Mientras su marido desarrollaba una importante actividad empresarial en Duruelo, llegando a proporcionar trabajo a cerca de cuarenta vecinos del municipio, Amalia se dedicó al cuidado de sus hijas y a una de sus grandes pasiones: la costura. Fue muy conocida en el pueblo por su habilidad en el corte y confección y por sus delicados trabajos de ganchillo. Durante décadas elaboró numerosas piezas, incluso vestidos de comunión, y continuó realizando tareas de ganchillo hasta el año pasado.
Recuerda con especial emoción una tradición que mantuvo durante mucho tiempo: cada año elaboraba un mantel de ganchillo que donaba a Manos Unidas para una subasta benéfica.
El matrimonio residió siempre en Duruelo de la Sierra hasta que la enfermedad de su esposo hizo necesario trasladarse a Soria. Tras el fallecimiento de su cónyuge, Amalia permaneció en la capital durante veinte años. Posteriormente se decidió ir a Madrid para vivir con una de sus hijas, aunque también ha disfrutado de largas estancias en Barcelona y Bilbao junto a otras de ellas. A pesar de ello, nunca ha perdido el vínculo con su pueblo, donde permanece durante julio, agosto y septiembre.

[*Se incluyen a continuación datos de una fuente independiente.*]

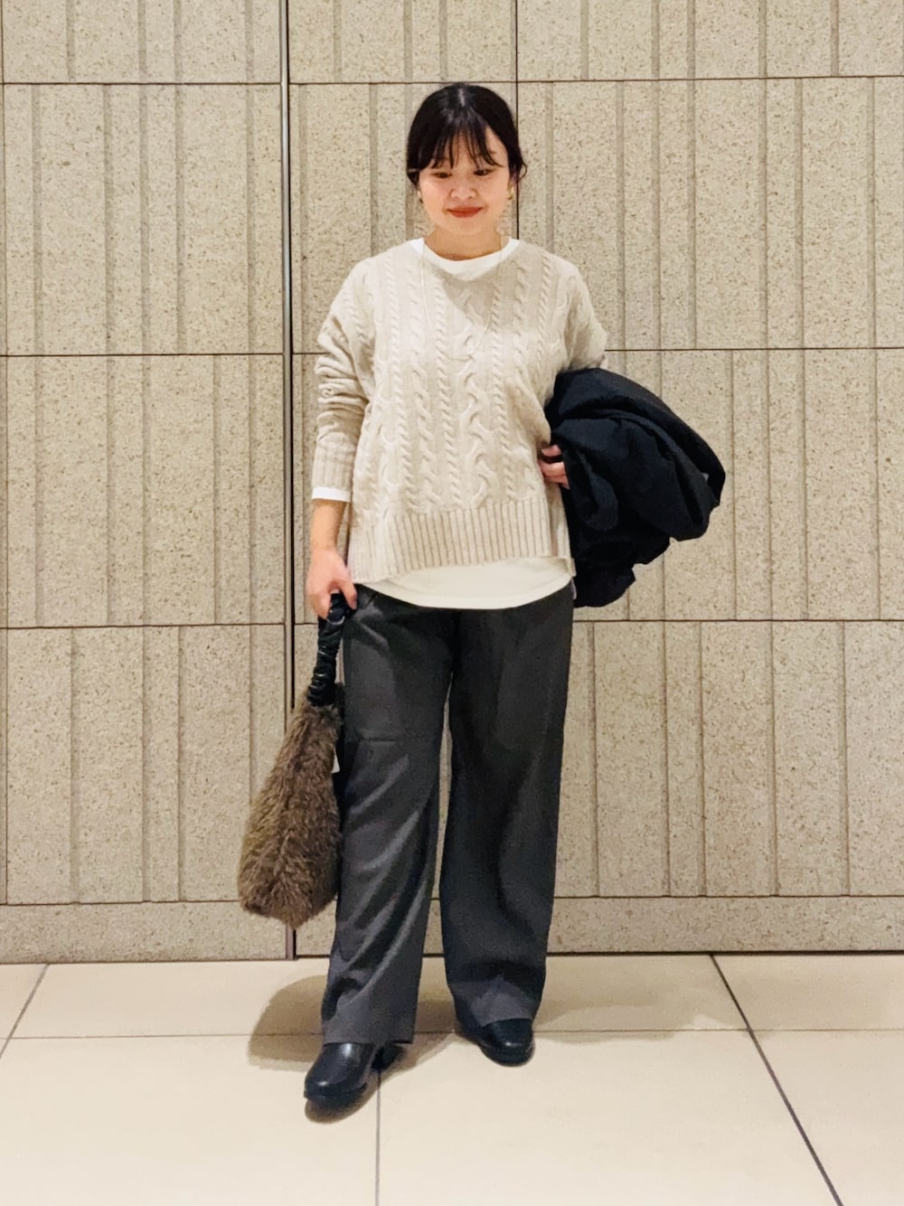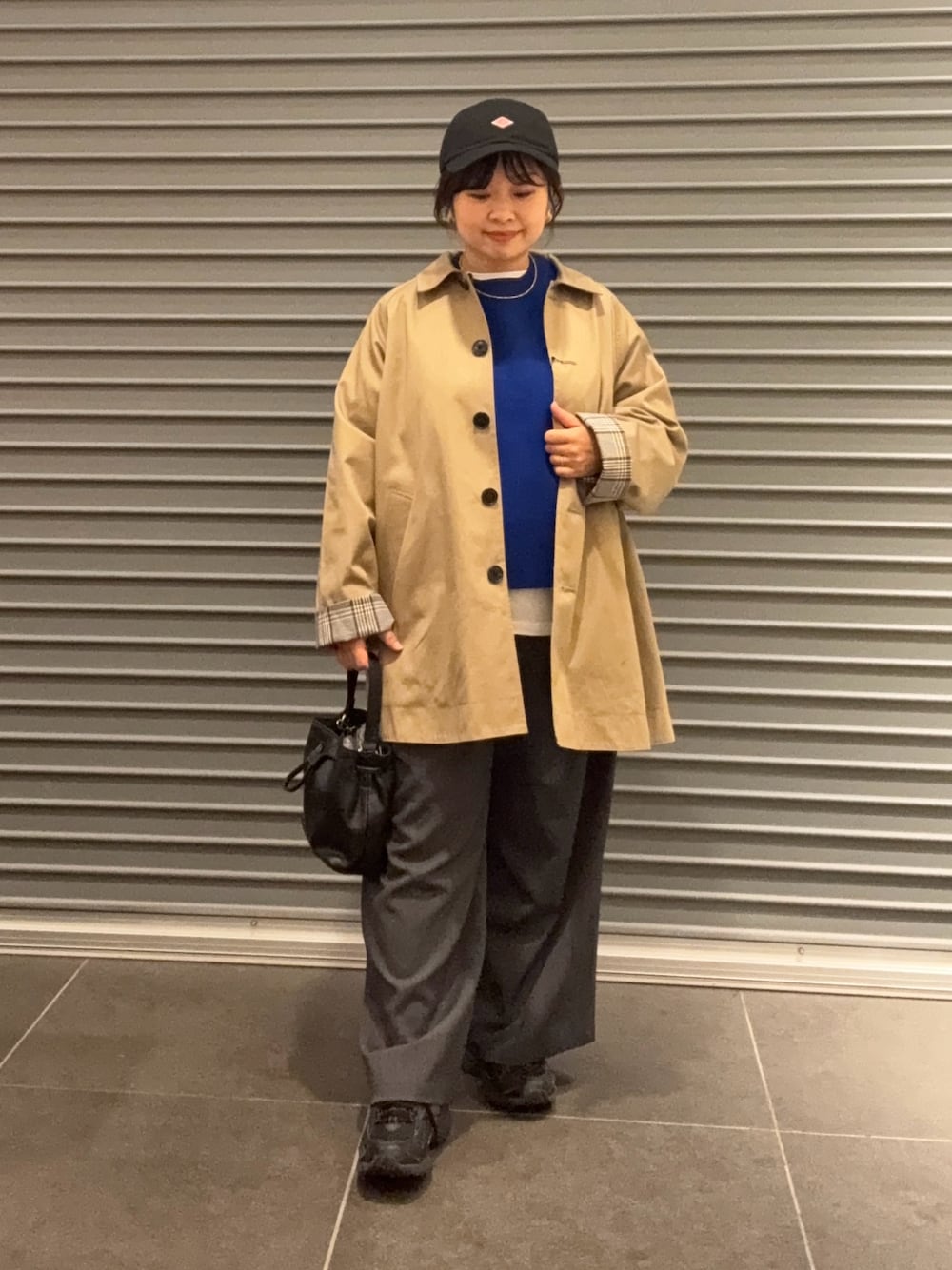 キャップに完声パンツで休日ラフコーデにしました。完声パンツはワイドシルエットが可愛いです。9分丈なので、着丈気にせず着れて小柄な方にもおすすめです。秋冬はブーツ合わせも。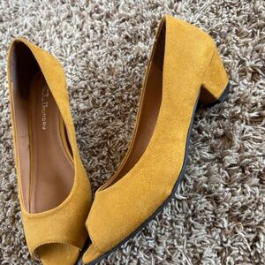 CL by Laundry mustard yellow suede peep toe low heels - size 9

Además de la costura, siempre ha disfrutado de la cocina, elaborando rosquillas, tartas y otros dulces tradicionales, así como de la lectura. Su profunda fe religiosa la llevó a realizar distintos viajes, entre ellos a Roma y a Zaragoza, donde tuvo la oportunidad de ver al Papa, recuerdos que conserva con enorme ilusión.
Amalia ha sido siempre una mujer activa, trabajadora y con una gran vitalidad, tanto física como mental. Gracias también al apoyo de sus hijas, ha podido conocer numerosos lugares y disfrutar de nuevas experiencias durante su dilatada existencia.
Ahora, rodeada del cariño de su familia, de sus amistades y de sus vecinos, Amalia alcanza el privilegio de celebrar cien años de vida.